→ **SUPPLIED MATERIAL**:
# # # # # # #
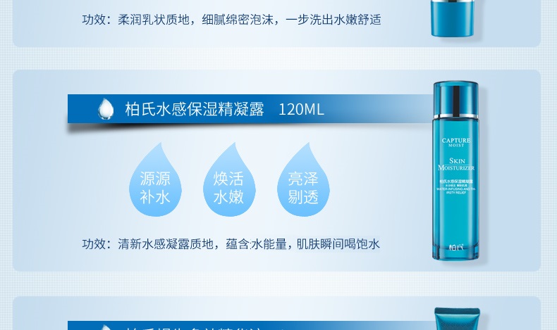 柏氏水感保濕套裝補水亮顏至美禮裝精凝露精華乳面霜爽膚水正品女
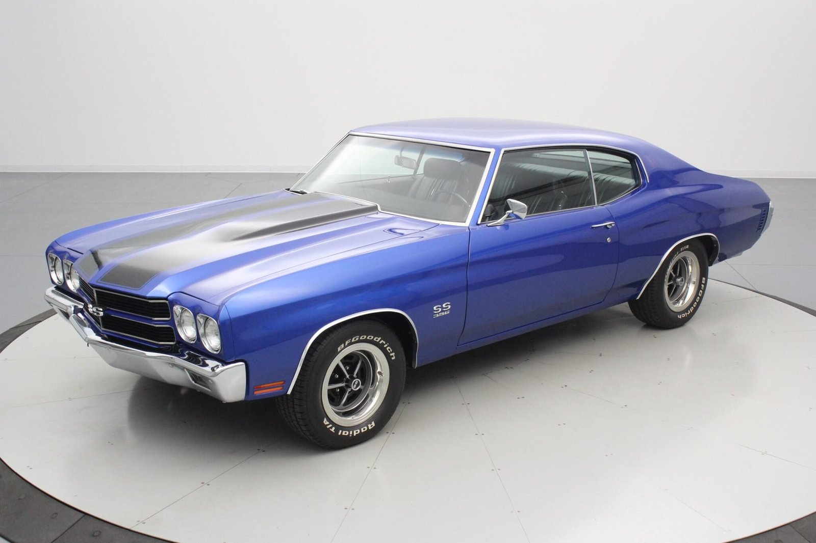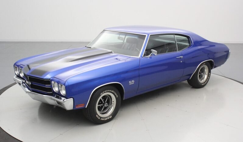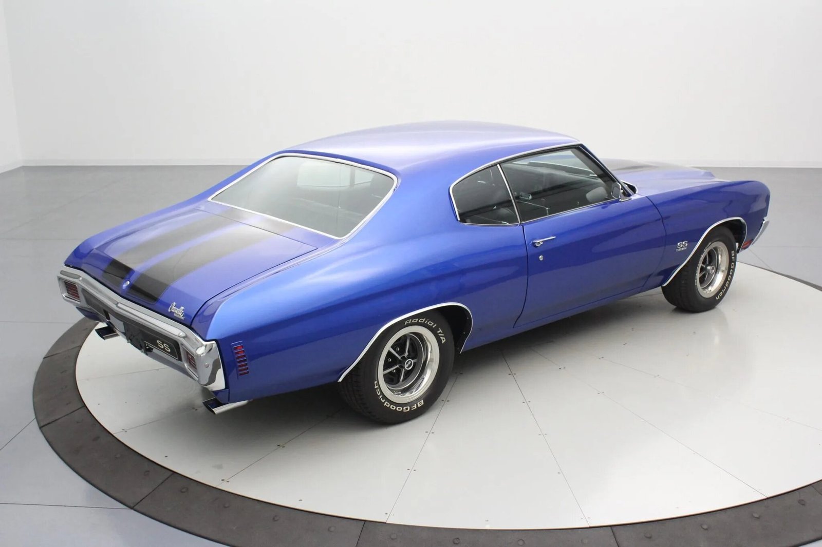 This 1970 Chevrolet Chevelle Malibu Sport Coupe is powered by a 402ci V8 paired with a Muncie four-speed manual transmission and is finished blue with black stripes over black upholstery. The car have been refurbished and features 15″ Rally II-style wheels, power-assisted front disc brakes, power steering, quadruple headlights, chrome trim, air conditioning, and a vintage-look push-button stereo.
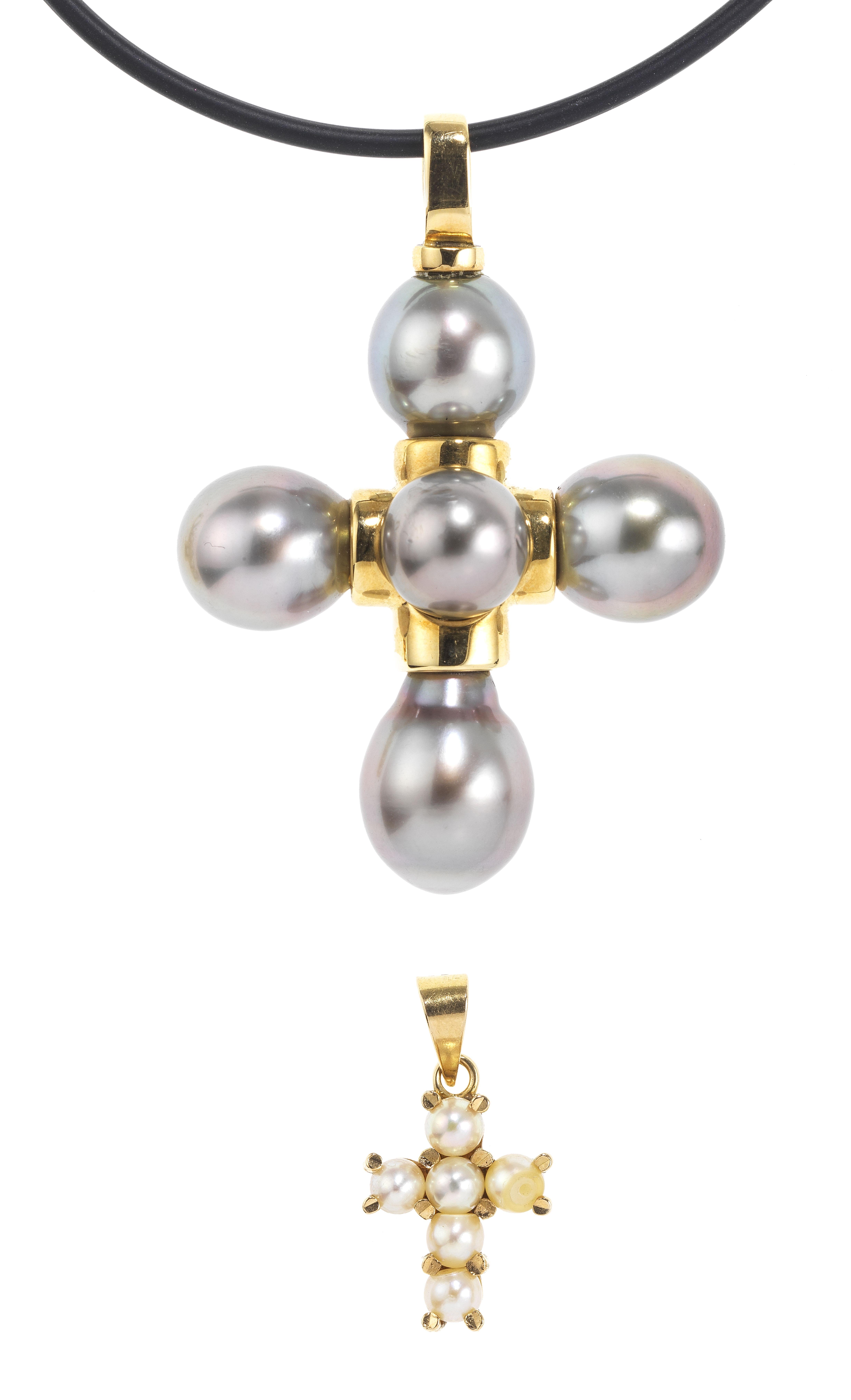 102. Pendentif à motif de croix pavée de diamants hexagonaux en serti...
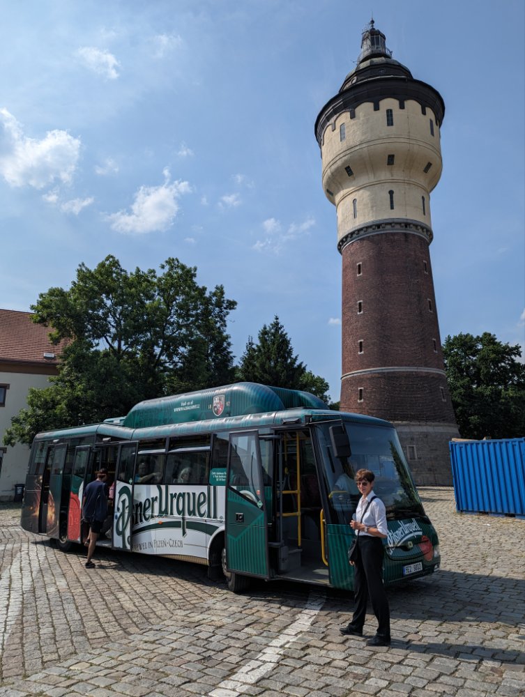 Auf dem Gelände bewegen wir uns mit dem ‚Pilsener Urquell – Bus‘
# # # # # # #
→ **EXERCISE DETAILS**: An exact copy of the listing above, minus its pictures, is what is needed here.

→ **EXPECTED ANSWER**:
 柏氏水感保濕套裝補水亮顏至美禮裝精凝露精華乳面霜爽膚水正品女
 This 1970 Chevrolet Chevelle Malibu Sport Coupe is powered by a 402ci V8 paired with a Muncie four-speed manual transmission and is finished blue with black stripes over black upholstery. The car have been refurbished and features 15″ Rally II-style wheels, power-assisted front disc brakes, power steering, quadruple headlights, chrome trim, air conditioning, and a vintage-look push-button stereo.
 102. Pendentif à motif de croix pavée de diamants hexagonaux en serti...
 Auf dem Gelände bewegen wir uns mit dem ‚Pilsener Urquell – Bus‘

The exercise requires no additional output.